- **Problem**: Of the lines in the data below, write out exactly those from the one holding "Клавиатура беспроводная Gembird" through the one holding "Obraz premium Owl", both included.

- **Input records**:
....

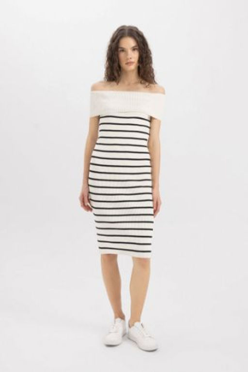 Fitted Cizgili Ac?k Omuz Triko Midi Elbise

....

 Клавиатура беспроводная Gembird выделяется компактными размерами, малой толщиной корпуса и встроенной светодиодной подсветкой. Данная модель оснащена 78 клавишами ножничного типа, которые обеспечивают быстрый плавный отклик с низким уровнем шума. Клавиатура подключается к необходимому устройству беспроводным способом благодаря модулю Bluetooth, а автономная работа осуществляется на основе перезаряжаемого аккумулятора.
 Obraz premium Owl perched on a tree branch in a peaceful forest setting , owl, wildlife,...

....

- **Response to this exercise**:
 Клавиатура беспроводная Gembird выделяется компактными размерами, малой толщиной корпуса и встроенной светодиодной подсветкой. Данная модель оснащена 78 клавишами ножничного типа, которые обеспечивают быстрый плавный отклик с низким уровнем шума. Клавиатура подключается к необходимому устройству беспроводным способом благодаря модулю Bluetooth, а автономная работа осуществляется на основе перезаряжаемого аккумулятора.
 Obraz premium Owl perched on a tree branch in a peaceful forest setting , owl, wildlife,...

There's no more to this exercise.